Introduction to Akka.Streams
Building High-Level Streaming Worklows in Akka.NET
The goal of this blog post is to give you a glimpse of the idea and basics behind Akka.Streams. What they are and why you may find them useful addition in your day to day job.
In short: Akka.Streams is a library build on top of Akka.NET, which allows you to consume and process potentially infinite streams of data in type-safe and resource-safe way.
To make it easier to visualize, let’s take an example: we have a queue (i.e. RabbitMQ), that sends us a documents, which we have to parse, turn into structured data and save in the database.
var settings = NamedQueueSourceSettings.Create(new DefaultAmqpConnection(), "queue-name");
var rabbitMqSource = AmqpSource.AtMostOnceSource(settings, 16);
IRunnableGraph<NotUsed> graph =
rabbitMqSource
.Select(message => ParseDocument<DataItem>(message.Bytes))
.SelectAsync(parallelism: 1, item => dbContext.InsertAsync(item))
.To(Sink.ForEach<DataItem>(item => Console.WriteLine($"Inserted: {item}")));
One of the great advantages of using Akka.Streams is its declarative syntax. Imagine that we detected that our stream is slow because each time we’re persisting documents one by one - which can be bottleneck when we take into account overhead of disk and network I/O. One of the common solutions to speed that up is to apply batching. Fortunately we have a plenty of operations (in Akka.NET they’re called stages), that let us apply different grouping patterns.
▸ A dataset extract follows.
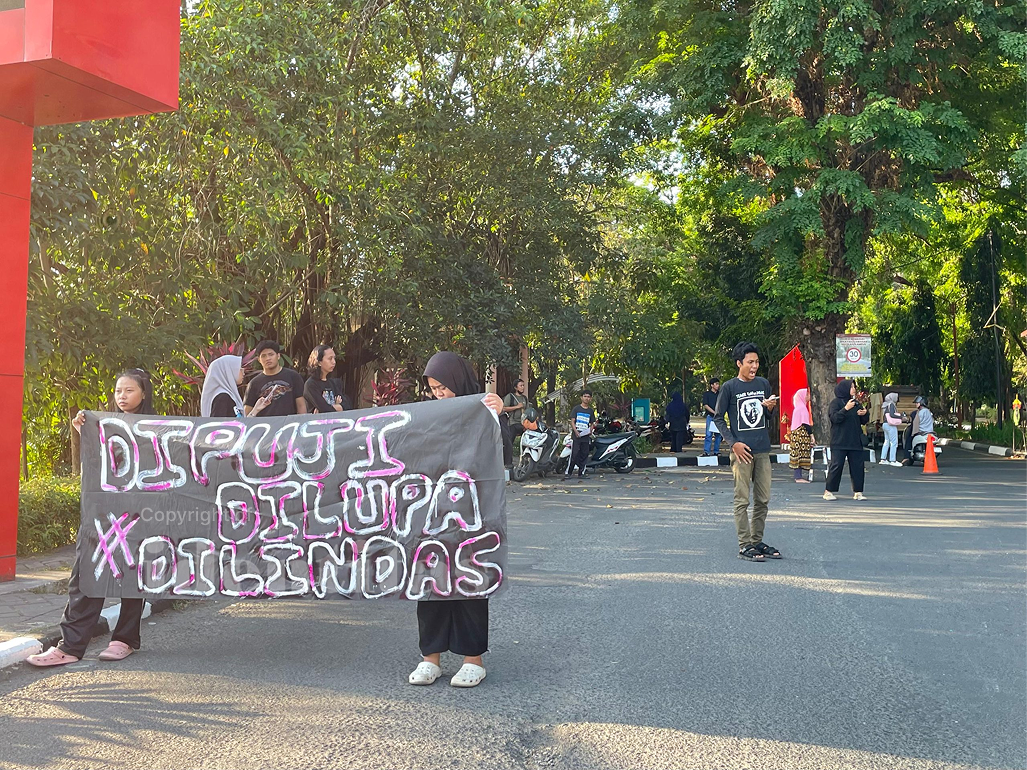 Unit Kegiatan Mahasiswa (UKM) Teater Kampus Universitas Hasanuddin (Unhas) adakan teatrikal jalanan bertajuk “Dijanji, Dilupa, Dilindas” di Pintu 1 Unhas, Jumat (05/09). Hal ini menjadi pernyataan sikap atas kondisi bangsa yang dipenuhi janji politik yang diingkari, represif aparat, serta lambannya respons pemerintah.

Example:
IRunnableGraph<NotUsed> graph =
rabbitMqSource
.Select(message => ParseDocument<DataItem>(message.Bytes))
.GroupedWithin(400, 100.Milliseconds())
.SelectAsync(parallelism: 1, items => dbContext.InsertManyAsync(items))
.To(Sink.ForEach<DataItem>(items => Console.WriteLine($"Inserted: {items}")));
The code looks very similar, the major difference is that now we use InsertManyAsync
method to insert multiple items at once, and that we added a standard GroupedWithin
stage - which will simply emit a batch of items once it will collect 400 elements or a 100ms will pass, whatever will happen first. That’s all!
Akka.Streams and Reactive Extensions
Initially, this may resemble Reactive Extensions to you. And yes, Akka.Streams borrows from the experiences of Rx.NET and adapts it into the more complicated world of graphs-based workflows and optimizes it for server-side systems.
One of the design decisions of Rx.NET is that it’s inherently a push-based streaming model. The pace of processing is dictated by upstream (a producer of event). While this usually isn’t a problem in client-side apps - as most of the events there are produced in result of a single user’s actions - it becomes problematic on the server-side as your downstream is not able to “hold back” (backpressure) upstream from sending more data, which may eventually result in your application toppling down and becoming unavailable once it runs out of resources. Akka.Streams is build from scratch to allow producers and consumers to negotiate streaming rate dynamically.
If you need, you still can interop between Rx.NET and Akka.NET Streams - you can read more details in docs.
Akka.Streams Business Cases
Akka.Streams are implemented on top of Akka.NET actors through a process we’ll describe in a moment called “materialization” - but aside from the fact that Akka.Streams graphs are implemented using actors at first glace there doesn’t appear to be much of a relationship between these LINQ-like flows and actors.
Akka.Streams should be thought of as a higher-level way of writing Akka.NET programs; you can express your application concisely by composing small, modular “graph stages” (i.e. a sources, flows, and sinks) together into an asynchronous streaming application. It’s highly productive and efficient, especially when you consider that Akka.NET streams have many pre-built connectors to technologies like Kafka, Azure Queues, RabbitMQ, and so on. The amount of code you have to write and debug is significantly lower for many routine streaming problems using Akka.Streams.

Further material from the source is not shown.